One result of the Doha debacle is likely to be a slide towards cold war inside Opec.
Iran’s increase in exports after sanctions was always going to increase its power and influence, much as an intake of spinach boosted Popeye’s strength. And that increase was always going to be reflected in Opec’s machinations, as has been argued here before.
Before Doha, Tehran’s role as a counterbalance to Riyadh, a spokesman for the poorer producer countries and the price hawks, was likely to develop over time, with a campaign for strategic reorientation.
But the volte-face by Saudi Arabia in Doha — going to the meeting with a pre-agreed draft only to tear it up inside the conference chamber and leaving the Qataris to clear up the public relations mess — indicates a slide from phoney war to cold war within Opec. If Tehran is a spinach-strengthened Popeye, is Riyadh now a muscle-bound Bluto?
Attention has been focused on the Saudi insistence that Iran sign up to the production freeze proposal — something that was never going to happen. But, in addition, it seems that the dragooned Saudi delegation also demanded that civil war-ravaged Libya, producing just 25pc of peacetime capacity, should sign up to a freeze.
This is what an evidently critical Russian minister Alexander Novak said about what happened on the morning of the Doha meeting on 17 April: “Some Opec countries changed their position. Having expressed support for a freeze, they changed their conditions for joining the agreement. A condition emerged that not only 18 countries need to join the agreement, but also countries which were not present in Qatar today. This means all Opec countries — although two countries were not present, namely Iran and Libya — and a number of non-Opec countries that are large exporters and which did not come because they have a separate position on this issue. In our opinion, no one can say today if these countries would join or not. We were proposing that 18 countries should reach an agreement and the door should remain open for other countries that would like to join.”
A senior Mideast Gulf Arab official confirmed the Saudi insistence that every Opec country must join the freeze, or the deal was off. The reason that Riyadh insisted on including Libya may have been to disguise the main target of its policy. But in so doing, it has alienated the emergent Libyan national unity government.

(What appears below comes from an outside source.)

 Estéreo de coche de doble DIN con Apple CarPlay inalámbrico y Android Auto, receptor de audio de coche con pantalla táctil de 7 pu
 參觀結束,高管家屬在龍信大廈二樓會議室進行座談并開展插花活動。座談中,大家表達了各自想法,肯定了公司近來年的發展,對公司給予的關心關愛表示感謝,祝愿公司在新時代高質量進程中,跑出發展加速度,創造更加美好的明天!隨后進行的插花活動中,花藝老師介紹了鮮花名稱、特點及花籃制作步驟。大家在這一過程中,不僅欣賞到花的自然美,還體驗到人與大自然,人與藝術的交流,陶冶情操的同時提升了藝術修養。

More seriously, it may be stoking sympathy for Iran in Iraq, the Olive Oyl to Tehran’s Popeye. A senior Iraqi official said in the wake of Doha: “We believe that there should be a fair deal. Iran can’t go back to pre-the nuclear deal. They just started to breath.” More tellingly, he went on to cast Iraq and Libya as countries that, like Iran, might accuse Saudi Arabia of exploiting their misfortune — sanctions and war — by taking their oil market share to build its own. A “fair deal” would be one where “those who took Iran, Libya and Iraq’s shares cut — and for us to freeze after gaining back our shares”, he said.
Venezuela’s oil minister Eulogio Del Pino, the first mover in the process that led to Doha, saw his months of efforts at reconciliation and bridge-building wasted. He did not mince his words. In a reaction published on the website of state-owned PdV: “We were disappointed… we must persevere despite this disappointment.” He continued: “We cannot be dependent on last-minute decisions by someone who sabotages a meeting at this level and of this importance.”

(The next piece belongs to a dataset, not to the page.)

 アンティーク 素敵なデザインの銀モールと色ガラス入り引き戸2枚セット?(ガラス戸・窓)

The danger that confronts Opec members when they convene in June is that their deliberations will be overshadowed by geopolitical manoeuvrings in benighted Yemen, in the backstreets of Bahrain, the battlefields of Syria and Iraq, and the delicate balance of power in Lebanon. Subjecting Opec oil diplomacy to the wider geopolitical game in the Middle East is not something many delegates would welcome.